[Start of section]

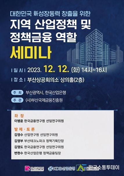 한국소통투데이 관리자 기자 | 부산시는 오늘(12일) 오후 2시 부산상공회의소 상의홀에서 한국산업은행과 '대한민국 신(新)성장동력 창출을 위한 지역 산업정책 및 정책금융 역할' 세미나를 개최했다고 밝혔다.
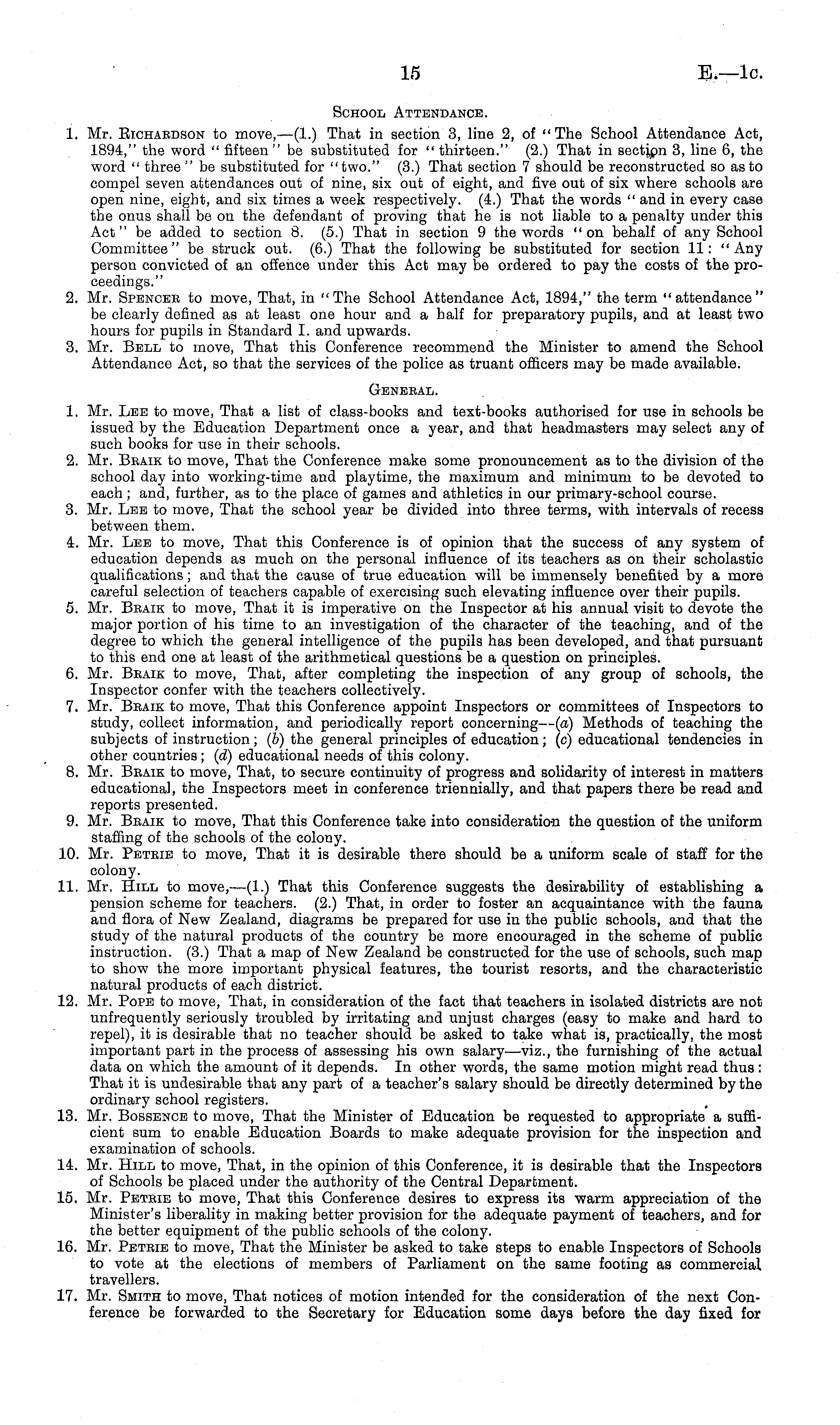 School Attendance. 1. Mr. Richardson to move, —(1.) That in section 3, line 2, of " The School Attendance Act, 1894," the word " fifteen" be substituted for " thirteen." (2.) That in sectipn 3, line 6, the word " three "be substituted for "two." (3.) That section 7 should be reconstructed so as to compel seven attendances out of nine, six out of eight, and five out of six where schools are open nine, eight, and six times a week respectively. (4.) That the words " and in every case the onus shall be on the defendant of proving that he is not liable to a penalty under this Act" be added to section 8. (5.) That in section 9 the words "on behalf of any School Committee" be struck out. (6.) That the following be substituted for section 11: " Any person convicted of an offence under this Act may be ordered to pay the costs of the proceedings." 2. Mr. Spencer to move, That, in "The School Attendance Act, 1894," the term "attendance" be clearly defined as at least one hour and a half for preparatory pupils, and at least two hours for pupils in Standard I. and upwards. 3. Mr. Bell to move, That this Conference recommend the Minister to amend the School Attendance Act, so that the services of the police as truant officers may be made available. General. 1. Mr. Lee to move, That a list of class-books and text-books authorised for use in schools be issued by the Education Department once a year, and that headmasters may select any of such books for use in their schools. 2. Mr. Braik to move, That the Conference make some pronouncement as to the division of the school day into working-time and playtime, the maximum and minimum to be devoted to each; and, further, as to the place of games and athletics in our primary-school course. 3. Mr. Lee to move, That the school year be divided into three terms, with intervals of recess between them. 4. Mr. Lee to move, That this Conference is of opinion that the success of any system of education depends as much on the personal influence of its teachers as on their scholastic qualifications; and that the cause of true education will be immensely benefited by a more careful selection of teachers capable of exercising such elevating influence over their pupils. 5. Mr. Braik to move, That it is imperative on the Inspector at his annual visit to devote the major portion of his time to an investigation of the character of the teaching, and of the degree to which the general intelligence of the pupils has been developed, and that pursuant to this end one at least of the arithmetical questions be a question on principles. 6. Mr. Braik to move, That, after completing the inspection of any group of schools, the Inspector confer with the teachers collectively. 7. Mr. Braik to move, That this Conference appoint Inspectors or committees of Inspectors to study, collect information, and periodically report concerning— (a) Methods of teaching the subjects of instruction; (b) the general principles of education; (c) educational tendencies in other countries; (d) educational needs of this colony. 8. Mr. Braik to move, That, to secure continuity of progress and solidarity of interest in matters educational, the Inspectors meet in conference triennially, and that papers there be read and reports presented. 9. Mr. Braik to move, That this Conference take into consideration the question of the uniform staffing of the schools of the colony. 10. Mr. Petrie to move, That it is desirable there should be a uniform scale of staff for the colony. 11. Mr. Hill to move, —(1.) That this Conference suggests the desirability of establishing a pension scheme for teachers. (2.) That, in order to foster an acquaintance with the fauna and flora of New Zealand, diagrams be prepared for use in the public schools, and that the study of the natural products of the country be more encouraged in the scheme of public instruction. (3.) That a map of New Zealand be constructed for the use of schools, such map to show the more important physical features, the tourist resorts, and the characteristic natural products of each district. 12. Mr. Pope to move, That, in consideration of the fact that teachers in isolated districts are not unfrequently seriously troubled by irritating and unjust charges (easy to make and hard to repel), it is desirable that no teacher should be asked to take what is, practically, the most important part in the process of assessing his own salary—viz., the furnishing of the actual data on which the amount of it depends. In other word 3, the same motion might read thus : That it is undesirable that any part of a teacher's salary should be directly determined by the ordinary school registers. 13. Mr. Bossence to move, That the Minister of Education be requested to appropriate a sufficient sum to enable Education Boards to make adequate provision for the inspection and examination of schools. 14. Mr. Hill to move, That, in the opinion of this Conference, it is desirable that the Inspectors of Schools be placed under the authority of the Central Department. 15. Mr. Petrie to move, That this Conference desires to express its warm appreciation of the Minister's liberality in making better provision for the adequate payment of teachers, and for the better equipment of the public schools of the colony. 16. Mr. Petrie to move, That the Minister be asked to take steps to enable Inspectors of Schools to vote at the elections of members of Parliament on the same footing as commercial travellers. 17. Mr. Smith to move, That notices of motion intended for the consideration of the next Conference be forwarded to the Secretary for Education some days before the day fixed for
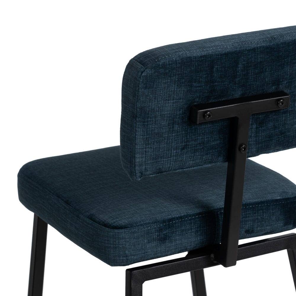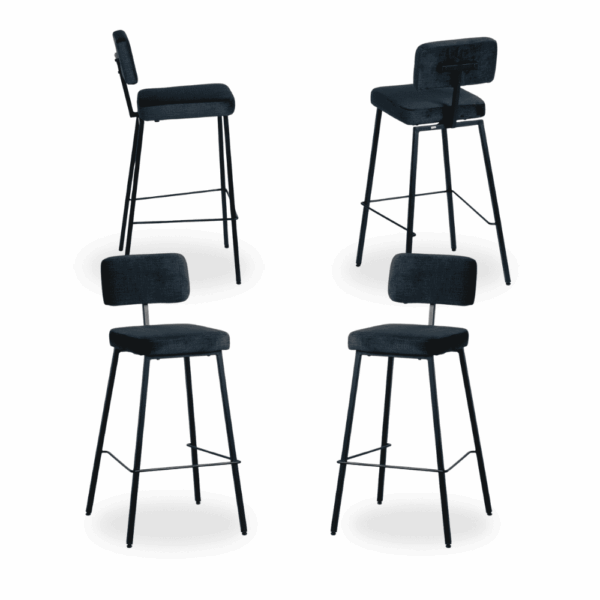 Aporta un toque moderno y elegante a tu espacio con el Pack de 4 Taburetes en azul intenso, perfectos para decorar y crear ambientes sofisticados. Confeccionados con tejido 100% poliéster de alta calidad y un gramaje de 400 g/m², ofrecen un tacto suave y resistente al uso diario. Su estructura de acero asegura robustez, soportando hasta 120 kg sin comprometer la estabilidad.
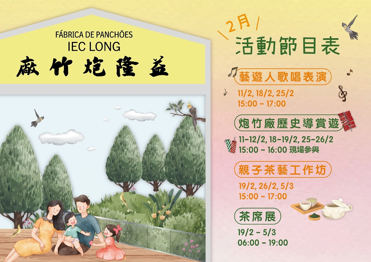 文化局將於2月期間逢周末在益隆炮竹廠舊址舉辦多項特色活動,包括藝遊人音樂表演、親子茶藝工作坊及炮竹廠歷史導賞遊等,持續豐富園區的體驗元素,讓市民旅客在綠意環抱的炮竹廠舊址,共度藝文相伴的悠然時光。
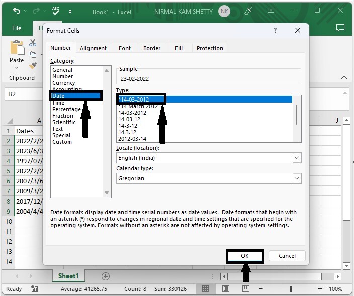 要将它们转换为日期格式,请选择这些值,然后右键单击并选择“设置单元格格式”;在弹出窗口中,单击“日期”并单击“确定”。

[End of section]

■ **TRY IT**
Return the records exactly as they stand, and drop every picture.

■ **WRITTEN REPLY**
 한국소통투데이 관리자 기자 | 부산시는 오늘(12일) 오후 2시 부산상공회의소 상의홀에서 한국산업은행과 '대한민국 신(新)성장동력 창출을 위한 지역 산업정책 및 정책금융 역할' 세미나를 개최했다고 밝혔다.
 School Attendance. 1. Mr. Richardson to move, —(1.) That in section 3, line 2, of " The School Attendance Act, 1894," the word " fifteen" be substituted for " thirteen." (2.) That in sectipn 3, line 6, the word " three "be substituted for "two." (3.) That section 7 should be reconstructed so as to compel seven attendances out of nine, six out of eight, and five out of six where schools are open nine, eight, and six times a week respectively. (4.) That the words " and in every case the onus shall be on the defendant of proving that he is not liable to a penalty under this Act" be added to section 8. (5.) That in section 9 the words "on behalf of any School Committee" be struck out. (6.) That the following be substituted for section 11: " Any person convicted of an offence under this Act may be ordered to pay the costs of the proceedings." 2. Mr. Spencer to move, That, in "The School Attendance Act, 1894," the term "attendance" be clearly defined as at least one hour and a half for preparatory pupils, and at least two hours for pupils in Standard I. and upwards. 3. Mr. Bell to move, That this Conference recommend the Minister to amend the School Attendance Act, so that the services of the police as truant officers may be made available. General. 1. Mr. Lee to move, That a list of class-books and text-books authorised for use in schools be issued by the Education Department once a year, and that headmasters may select any of such books for use in their schools. 2. Mr. Braik to move, That the Conference make some pronouncement as to the division of the school day into working-time and playtime, the maximum and minimum to be devoted to each; and, further, as to the place of games and athletics in our primary-school course. 3. Mr. Lee to move, That the school year be divided into three terms, with intervals of recess between them. 4. Mr. Lee to move, That this Conference is of opinion that the success of any system of education depends as much on the personal influence of its teachers as on their scholastic qualifications; and that the cause of true education will be immensely benefited by a more careful selection of teachers capable of exercising such elevating influence over their pupils. 5. Mr. Braik to move, That it is imperative on the Inspector at his annual visit to devote the major portion of his time to an investigation of the character of the teaching, and of the degree to which the general intelligence of the pupils has been developed, and that pursuant to this end one at least of the arithmetical questions be a question on principles. 6. Mr. Braik to move, That, after completing the inspection of any group of schools, the Inspector confer with the teachers collectively. 7. Mr. Braik to move, That this Conference appoint Inspectors or committees of Inspectors to study, collect information, and periodically report concerning— (a) Methods of teaching the subjects of instruction; (b) the general principles of education; (c) educational tendencies in other countries; (d) educational needs of this colony. 8. Mr. Braik to move, That, to secure continuity of progress and solidarity of interest in matters educational, the Inspectors meet in conference triennially, and that papers there be read and reports presented. 9. Mr. Braik to move, That this Conference take into consideration the question of the uniform staffing of the schools of the colony. 10. Mr. Petrie to move, That it is desirable there should be a uniform scale of staff for the colony. 11. Mr. Hill to move, —(1.) That this Conference suggests the desirability of establishing a pension scheme for teachers. (2.) That, in order to foster an acquaintance with the fauna and flora of New Zealand, diagrams be prepared for use in the public schools, and that the study of the natural products of the country be more encouraged in the scheme of public instruction. (3.) That a map of New Zealand be constructed for the use of schools, such map to show the more important physical features, the tourist resorts, and the characteristic natural products of each district. 12. Mr. Pope to move, That, in consideration of the fact that teachers in isolated districts are not unfrequently seriously troubled by irritating and unjust charges (easy to make and hard to repel), it is desirable that no teacher should be asked to take what is, practically, the most important part in the process of assessing his own salary—viz., the furnishing of the actual data on which the amount of it depends. In other word 3, the same motion might read thus : That it is undesirable that any part of a teacher's salary should be directly determined by the ordinary school registers. 13. Mr. Bossence to move, That the Minister of Education be requested to appropriate a sufficient sum to enable Education Boards to make adequate provision for the inspection and examination of schools. 14. Mr. Hill to move, That, in the opinion of this Conference, it is desirable that the Inspectors of Schools be placed under the authority of the Central Department. 15. Mr. Petrie to move, That this Conference desires to express its warm appreciation of the Minister's liberality in making better provision for the adequate payment of teachers, and for the better equipment of the public schools of the colony. 16. Mr. Petrie to move, That the Minister be asked to take steps to enable Inspectors of Schools to vote at the elections of members of Parliament on the same footing as commercial travellers. 17. Mr. Smith to move, That notices of motion intended for the consideration of the next Conference be forwarded to the Secretary for Education some days before the day fixed for
 Aporta un toque moderno y elegante a tu espacio con el Pack de 4 Taburetes en azul intenso, perfectos para decorar y crear ambientes sofisticados. Confeccionados con tejido 100% poliéster de alta calidad y un gramaje de 400 g/m², ofrecen un tacto suave y resistente al uso diario. Su estructura de acero asegura robustez, soportando hasta 120 kg sin comprometer la estabilidad.
 文化局將於2月期間逢周末在益隆炮竹廠舊址舉辦多項特色活動,包括藝遊人音樂表演、親子茶藝工作坊及炮竹廠歷史導賞遊等,持續豐富園區的體驗元素,讓市民旅客在綠意環抱的炮竹廠舊址,共度藝文相伴的悠然時光。
 要将它们转换为日期格式,请选择这些值,然后右键单击并选择“设置单元格格式”;在弹出窗口中,单击“日期”并单击“确定”。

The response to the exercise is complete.